Passados alguns meses, os pesquisadores saíram em busca das rãs arboríferas que estavam monitorando, a fim de descarregar os registros dos transmissores e substituir suas baterias. Mas o que eles encontraram em campo foram três transmissores largados no chão.

"Nos estudos de telemetria envolvendo animais de pequeno porte, não é incomum descobrir que os espécimes que estavam sendo acompanhados foram devorados por alguma coisa", diz Tracy. "Mas normalmente é possível encontrar algum indício de que isso tenha acontecido - arranhões no solo, ou uma pilha de fezes do predador responsável".

No caso das rãs arboríferas portadoras de transmissores, os aparelhos estavam aparentemente intactos. E a descoberta mais estranha ainda estava por vir. Quando os estudiosos retornaram ao seu laboratórios com as rãs arboríferas recapturadas, em muitos dos casos eles encontraram os transmissores não na cavidade ventral, e sim na bexiga urinária. "Foi quando descobrimos esse fator que decidimos tentar determinar exatamente o que estava acontecendo", disse Tracy.

Melhor fora do que dentro
Em 2008, Tracy e seus colegas decidiram que era hora de estudar o fenômeno de mais perto. Eles capturaram rãs arboríferas e sapos cururu na natureza e os mantiveram no laboratório, depois de intervenções cirúrgicas nas quais instalaram contas de vidro em suas cavidades ventrais.

Passadas 23 semanas, as contas de vidro foram encontradas no piso da gaiola das rãs. Apenas um em cada cinco dos sapos cururu excretou uma conta de vidro, mas Tracy abriu os ventres de alguns dos demais sapos com um bisturi, ao final desse período, e descobriu que eles estavam envolvendo as contas de vidro com suas bexigas. Em apenas dois dias mais, a conta estava envolta em um tecido transparente e desprovido de vasos sanguíneos, que posteriormente ganhou vascularização e características de músculo.

Os pesquisadores descreveram suas descobertas em uma apresentação na reunião da Sociedade de Biologia Integrativa e Comparativa, em Seattle.

Ainda que o estudo seja o primeiro a demonstrar que um animal pode usar sua bexiga para expelir um objeto exógeno, diversos outros pesquisadores já haviam observado fenômenos semelhantes em outros vertebrados.
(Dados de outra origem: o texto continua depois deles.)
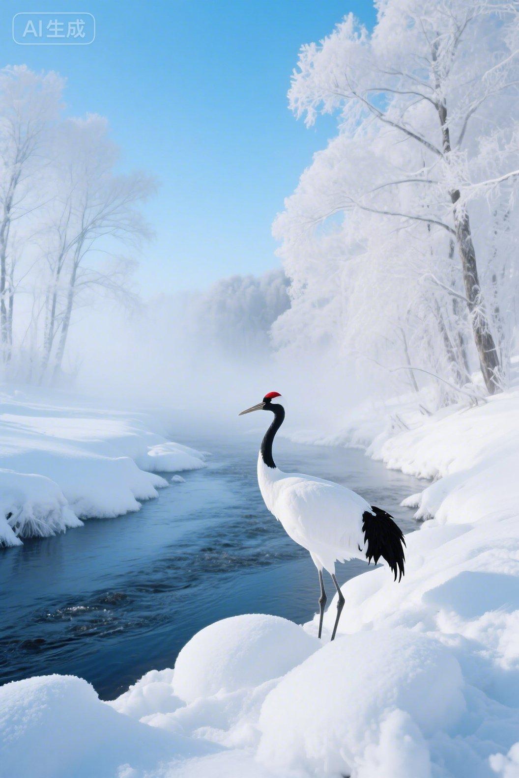 雪落冰河,仙鹤为冬添一抹仙

Diversas espécies de peixes e cobras são capazes de absorver objetos da cavidade ventral para seus intestinos, de onde são expelidos por defecação, por exemplo.

Rick Shine, um especialista em ofídios na Universidade de Sydney, Austrália, que já viu cobras expelindo transmissores de rádio que haviam sido implantados em suas cavidades ventrais, diz que os resultados da pesquisa têm amplas implicações para a compreensão da fisiologia dos vertebrados. Para os répteis e anfíbios, pelo menos, transferir objetos de uma parte de suas entranhas para outra não parece representar problema.

"Faz sentido que um animal deseje expelir um objeto de sua cavidade ventral", ele afirma. "A coisa notável é que eles tenham a capacidade de fazê-lo".